The phrase from the human’s lips was a negation, a denial, and a chastisement, all three in the fullest possible range of implication. It arrowed past the culture-language barrier and straight through Ktsn. The farmer found herself unable to even contemplate a repeat performance, should she have still possessed the opportunity to employ her pickax. That was all without even looking in her direction.
She startled at the sight of the lecturer, when she saw the woman spontaneously standing less than two body-lengths distant. The… pohostinlat, keeping distance and under the scrutiny of most of the crowd, was very very emphatically saying something to Eihks, with both of her arms stretched out.
Eihks responded by closing his eyes, rocking back on the edges of his feet, and replying in a monotonous measured dictation. He pointed at the shining red shape on his leg, and traced some of the symbols on its surface. The thin even pelt on top of his head licked the wind with stiff stubbornness.
Another human in the crowd shouted. It was accompanied by a flurry of steps forward toward the tall human beside Ktsn. Another shout. Another. A couple more of the sources moved toward him. More moved away.
Ktsn managed one quick eye-contact with her father, before things suddenly got overly loud.
“Ktsn. Ktsn.”
She looked back up at Eihks. A shivery haze played around his torn lower clothing, and she saw it coming back together one clump of fabric at a time. She didn’t even remember she was still holding her pickax until he poked the end of it with one forceful digit. Her nearer eye drew up to the set of straight lines ridging his face.
“Wh-”
“We should go,” said the human. “Now.”
It was soft enough that she had to really work at hearing the statement.
She began to rub her hands together in a negative, but he halted her before she could refuse.
“I am encouraged, and required, to stay with you for right now. If you don’t like me, then we can lodge a complaint soon enough, and you’ll get someone else to take over my duties.”
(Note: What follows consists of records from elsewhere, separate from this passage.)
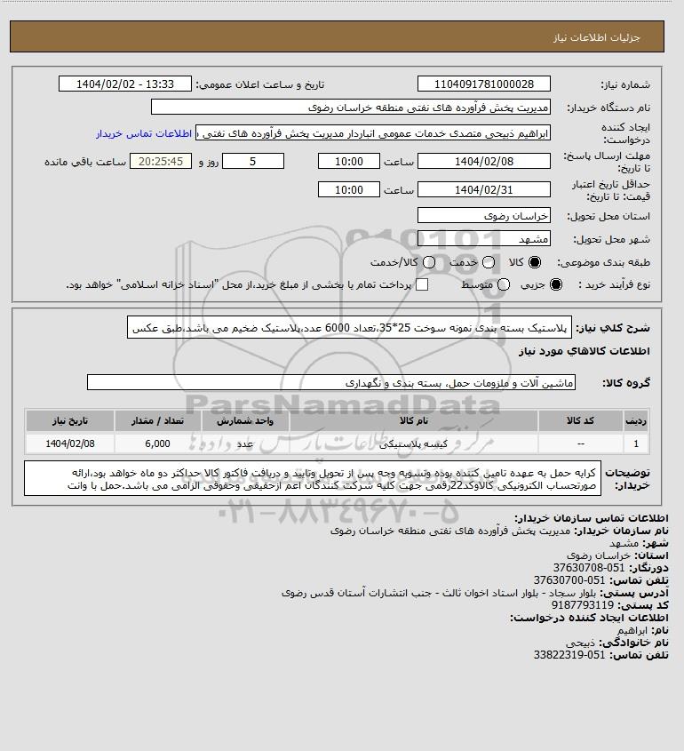 شرح کلی نیاز: پلاستیک بسته بندی نمونه سوخت 25*35،تعداد 6000 عدد،پلاستیک ضخیم می باشد،طبق عکس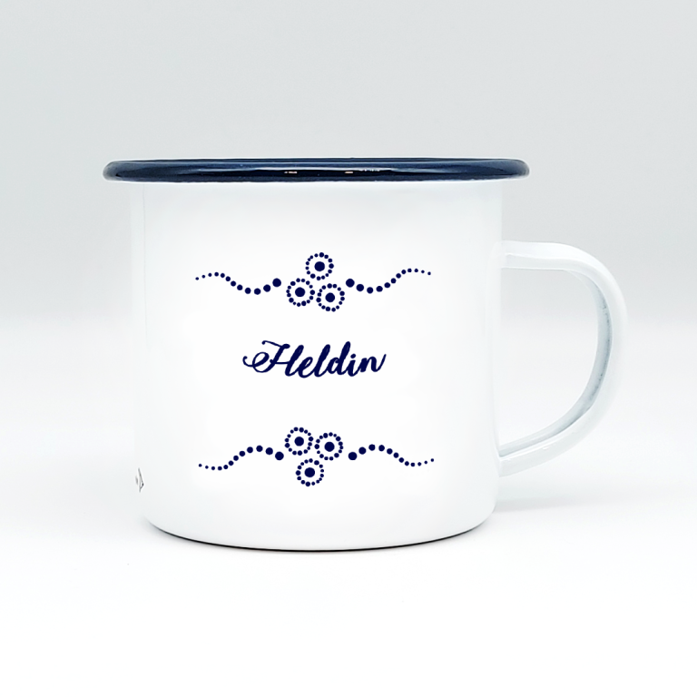 Mit dem dunkelblauem Rollrand und dem stilisierten Blumen-Dekor im rustikalen Vintage Design scheint diese emaillierte Blechtasse aus einer längst vergangenen Zeit zu stammen und liegt damit gerade wieder voll im Trend.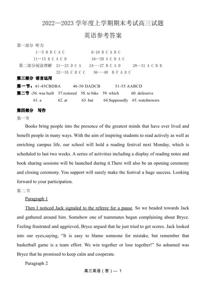 高三英语答案--辽宁省协作校2023高三上学期期末考试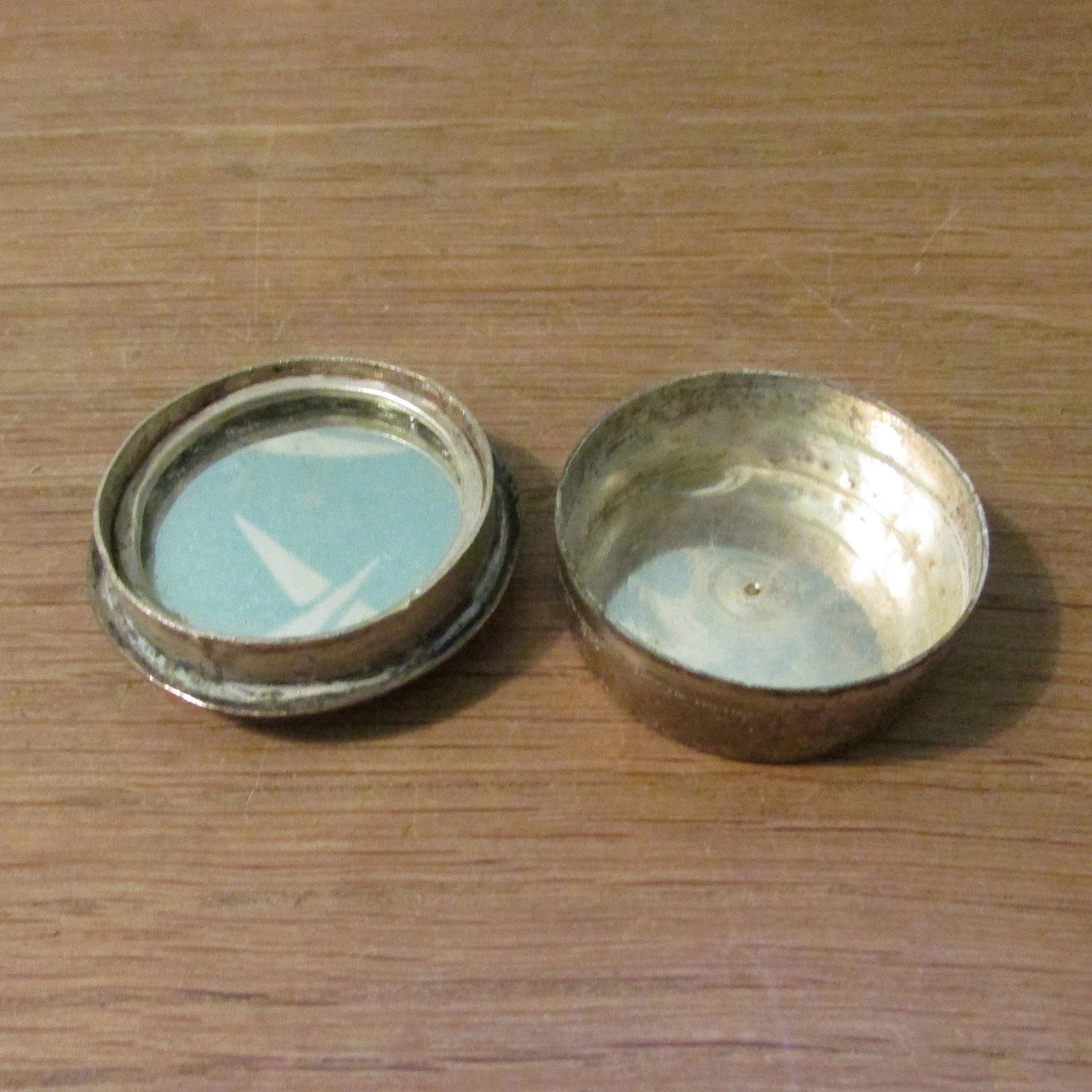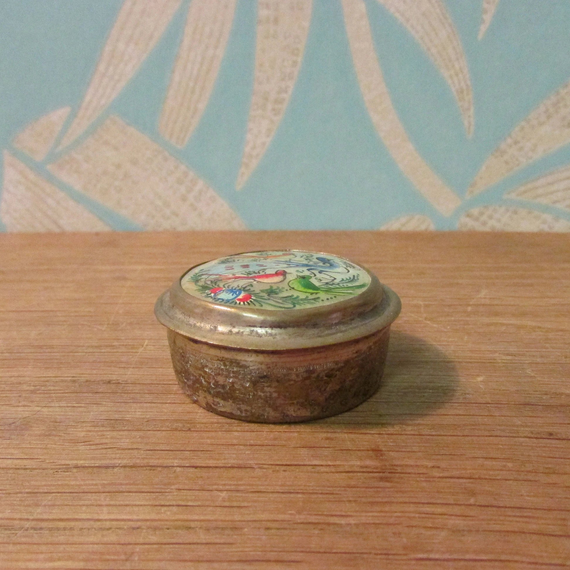 A charming piece of vintage elegance from the 1940s-50s, this Persian silver snuff box is a treasure for collectors. Adorned with exquisite hand-painted birds dancing across lustrous mother of pearl, it's a miniature work of art. The internal mirror adds a practical flourish, while the compact 5cm diameter and 2cm depth make it perfectly pocket-sized for displaying or gifting.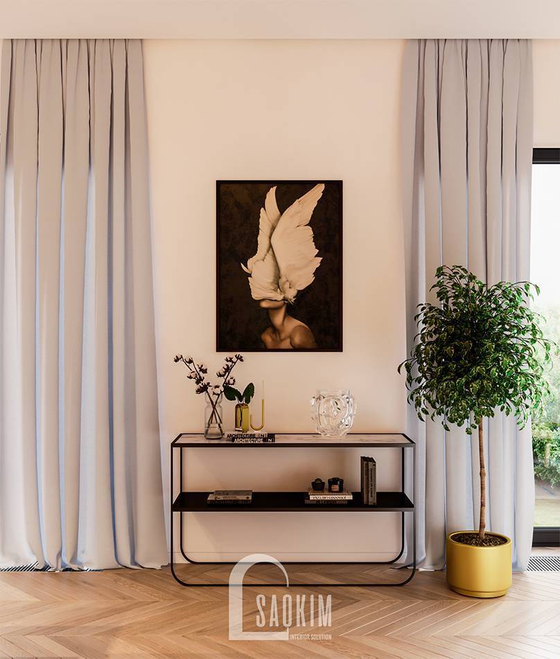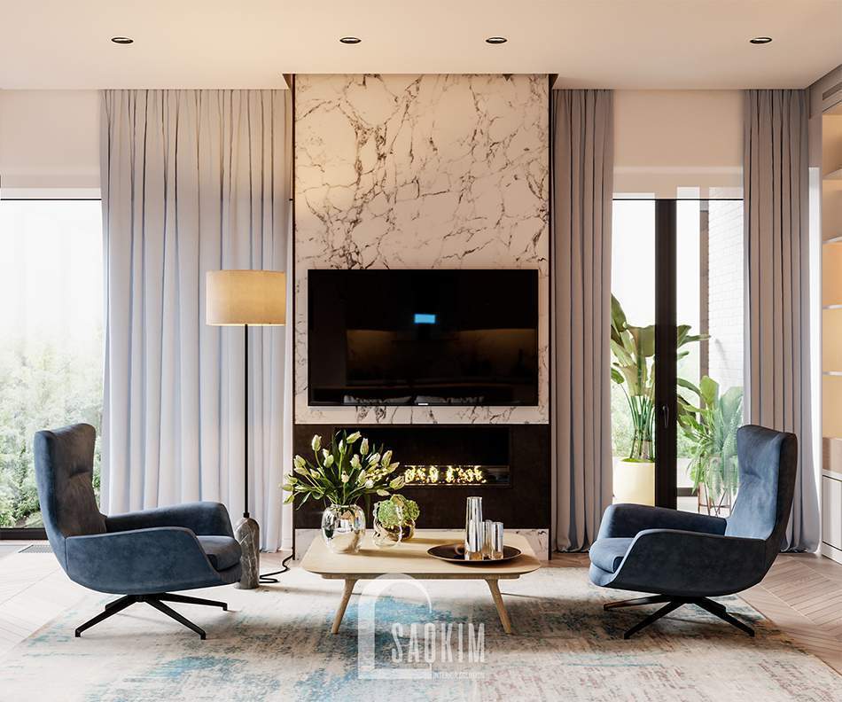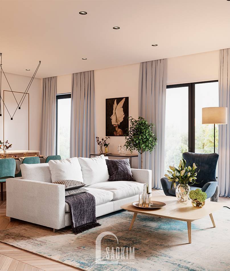 Phòng khách là không gian vô cùng quan trọng trong mỗi căn nhà. Bởi đây là nơi gia chủ tiếp đón khách quý. Đồng thời đây cũng là nơi sinh hoạt chung của gia đình. Thiết kế phòng khách cao cấp căn hộ 131,7m2 Vinhomes West Point mang đến vẻ đẹp sang trọng, quý phái cho gia chủ. Không gian phòng khách nơi đây giúp cho gia chủ nâng cao vị thế và đẳng cấp của mình.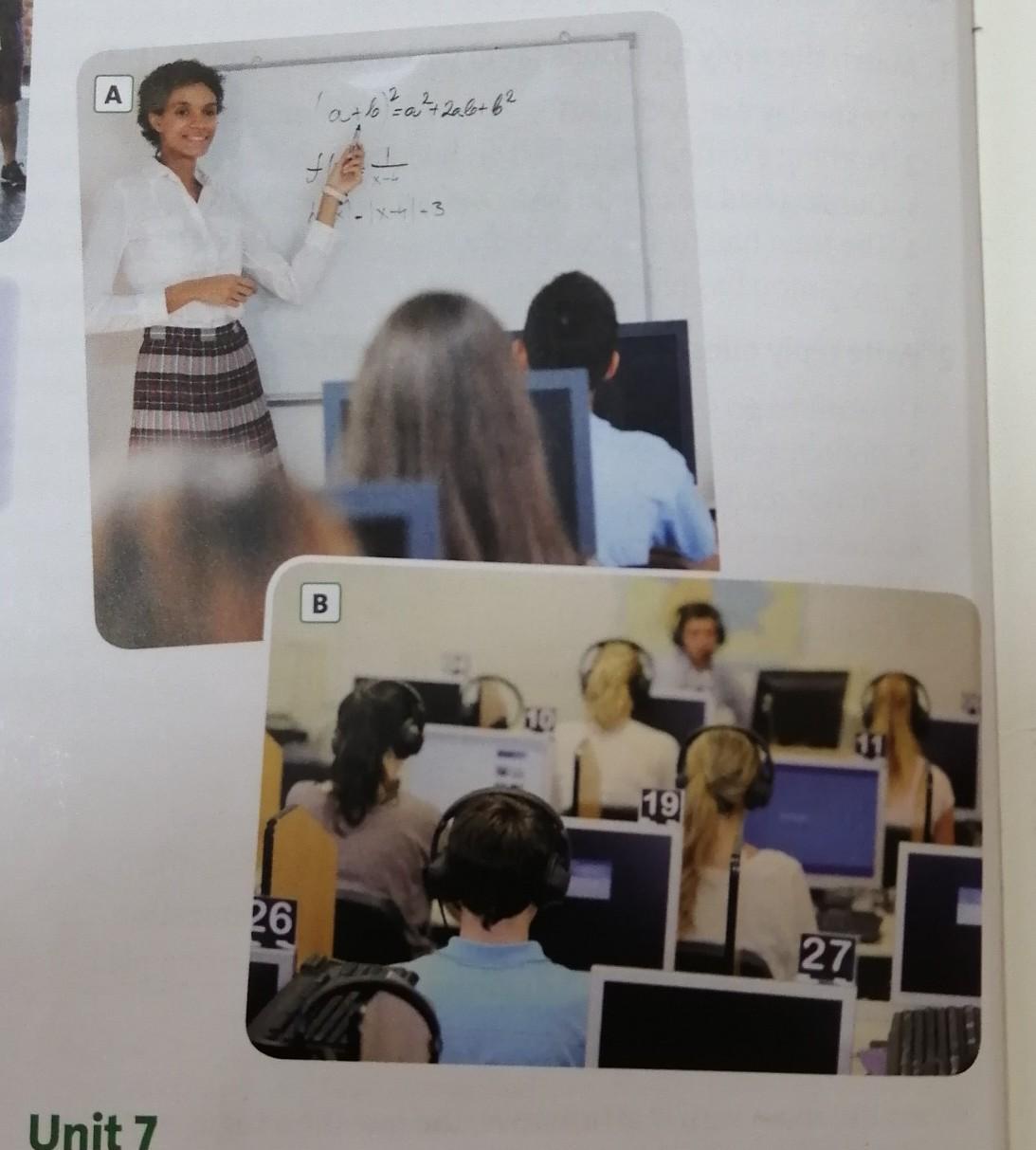 At the picture B we can see that boys and girls are at the lesson IT .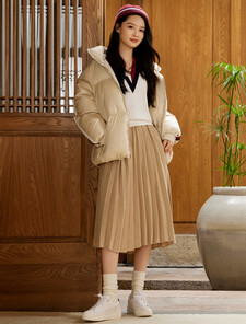 A fresh take on a timeless silhouette. This woven midi skirt pairs refined narrow pleats with a sporty logo waistband, bringing a modern edge to versatile day-to-night styling.

When he whipped upright once again, a wordless look across the gradually more agitated crowd of his associates - and the increasing confusion and irritation of her own people - quelled the noise substantially. A few firm words and hand gestures that made little sense to her. Placating, and at least minimally effective, judging by how the foreign audience grew a tad less restive.
He turned back.
“Things are getting a bit ugly, and this isn’t a good place to be seen right this moment. If you have a residence or private accommodations or the like, it is best that we retreat there. They’ll calm down. In time.”
When she still hesitated, he seemed to project audial force from his mid-body region like a stomped bellows.
“You and I are joined at the hip for a little while yet. Now, we need to get gone. The phrase ‘anywhere else but here’ is a beautiful thing.”
Without thinking, enraged at the disorder and unfairness and simple fatiguing distance of it all, she whirled, rolling herself over by accident in her haste, and started galloping from Goskec Tktl for her home. The thin missing-beat rhythm of a bipedal gait following after her was the farewell drumbeat to her village, and the rest of her life.
And that was how Ktsn Wdondf Daephod first played a part in shifting the course of a certain pioneer’s existence.